You need to view it with a fixed width font. Its not rocket science,
token lists (or arrays) are viewed as dotted lists. The token.pos
field is listed below each token as p[x] or as the file-location
in file-scope.

I'll come up with a patch to implement this scheme when I have
time to and send it, it might take a while.
-- Konrad

> To be continue...
>
> Chris
>
>
>>
>> Note that a reference to p[] in p[x] notation only references
>> the "start" of the  PP_struct.copy. An uique identification
>> of the "source" token might not always be possible because
>> of disambiguities, so when doing a copy of the  tokens in
>> PP_struct.copy I might use an extended version of struct token
>> to also include an offset.
>>
>> ----- file a.h start -----
>> #define D0(d0a0,d0a1) 1 D1(d0a0) 2 D2(d0a1) 3
>> #define D1(d1a0) 4 d1a0 5
>> #define D2(d2a0) 6 d2a0 7
>> #define D3(d3a0) 8 d3a0 9
>> D0(D3(10),11)
>> ----- file a.h end   .....
>>
>> Preprocessor output (gcc -E a.h): "1 4 8 10 9 5 2 6 11 7 3"
>>
>> PreProcessor macro trace on p[]:
>>
>> p[0]:mdefn_body[D0]     :1.D1.(.d0a0.).2.D2.(.d0a1.).3
>>                         [ a.h:1:23     ..   a.h:1:45]

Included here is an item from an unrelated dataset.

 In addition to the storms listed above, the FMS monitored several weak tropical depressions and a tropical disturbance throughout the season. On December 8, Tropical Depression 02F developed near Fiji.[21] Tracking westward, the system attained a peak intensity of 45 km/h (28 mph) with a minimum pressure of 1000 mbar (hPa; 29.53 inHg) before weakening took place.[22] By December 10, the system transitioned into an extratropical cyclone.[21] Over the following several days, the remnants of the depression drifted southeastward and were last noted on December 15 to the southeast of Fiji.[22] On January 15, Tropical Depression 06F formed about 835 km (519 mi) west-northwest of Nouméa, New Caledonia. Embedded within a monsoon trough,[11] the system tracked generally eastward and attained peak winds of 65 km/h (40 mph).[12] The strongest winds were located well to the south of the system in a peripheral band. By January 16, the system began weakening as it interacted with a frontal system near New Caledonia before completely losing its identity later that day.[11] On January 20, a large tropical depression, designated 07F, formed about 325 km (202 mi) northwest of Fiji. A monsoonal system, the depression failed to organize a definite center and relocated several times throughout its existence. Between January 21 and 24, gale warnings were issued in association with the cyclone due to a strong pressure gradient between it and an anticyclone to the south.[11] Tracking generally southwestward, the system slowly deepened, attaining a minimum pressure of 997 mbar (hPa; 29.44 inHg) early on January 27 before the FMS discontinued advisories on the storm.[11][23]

>> p[1]:mdefn_body[D1]     :4   .   d1a0   .    5
>>                         [ a.h:2:18..a.h:2:25]
>> p[2]:mdefn_body[D2]     :6   .   d2a0   .    7
>>                         [ a.h:3:18..a.h:3:25]

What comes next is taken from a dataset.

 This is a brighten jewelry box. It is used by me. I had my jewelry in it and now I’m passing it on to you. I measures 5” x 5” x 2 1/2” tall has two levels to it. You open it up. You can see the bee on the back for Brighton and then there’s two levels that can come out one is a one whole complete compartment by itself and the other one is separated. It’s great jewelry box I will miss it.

>> p[3]:mdefn_body[D3]     :8   .   d3a0   .    9
>>                         [ a.h:4:18..a.h:4:25]
>> p[4]:minst_arg0[D0]     :D3  . (  .   10 . )
>>                         [ a.h:5:4..a.h:5:9]
>> p[5]:minst_arg1[D0]     :11
>>                         [a.h:5:11]
>> p[6]:minst_arg0[D3]     :10
>>                         p[4]
>> p[7]:(args)expand[p[3]] :8    .  10   .  9
>>                         p[3]    p[4]    p[3]
>> p[8]:minst_arg0[d2]     :11
>>                         p[5]
>> p[9]:(body)expand[p[2]] :6   .   11   .    7
>>                         p[2]    p[5]      p[2]
>> p[10]:(body)expand[p[0]]:1  .4  .8  .10 .9  .5  .2  .6  .11 .7  .3
>>                         p[0]p[1]p[7]p[7]p[7]p[1]p[0]p[9]p[9]p[9]p[0]
>>
>>
>> p[0]-p[3] are build up when the macro is defined.
>>          A p[] entry is needed to destinguish between
>>          the different sources of tokens.
>> p[4],p[5] is build in collect_arguments() for D0(D3(10),11)
>> p[6]      is build in collect_arguments() for D3(10)
>> p[7]      is build in call to macro_expand() hook with flag that
>>          it is a (args)expand
>> p[8]      is build in collect_arguments() for D2(11)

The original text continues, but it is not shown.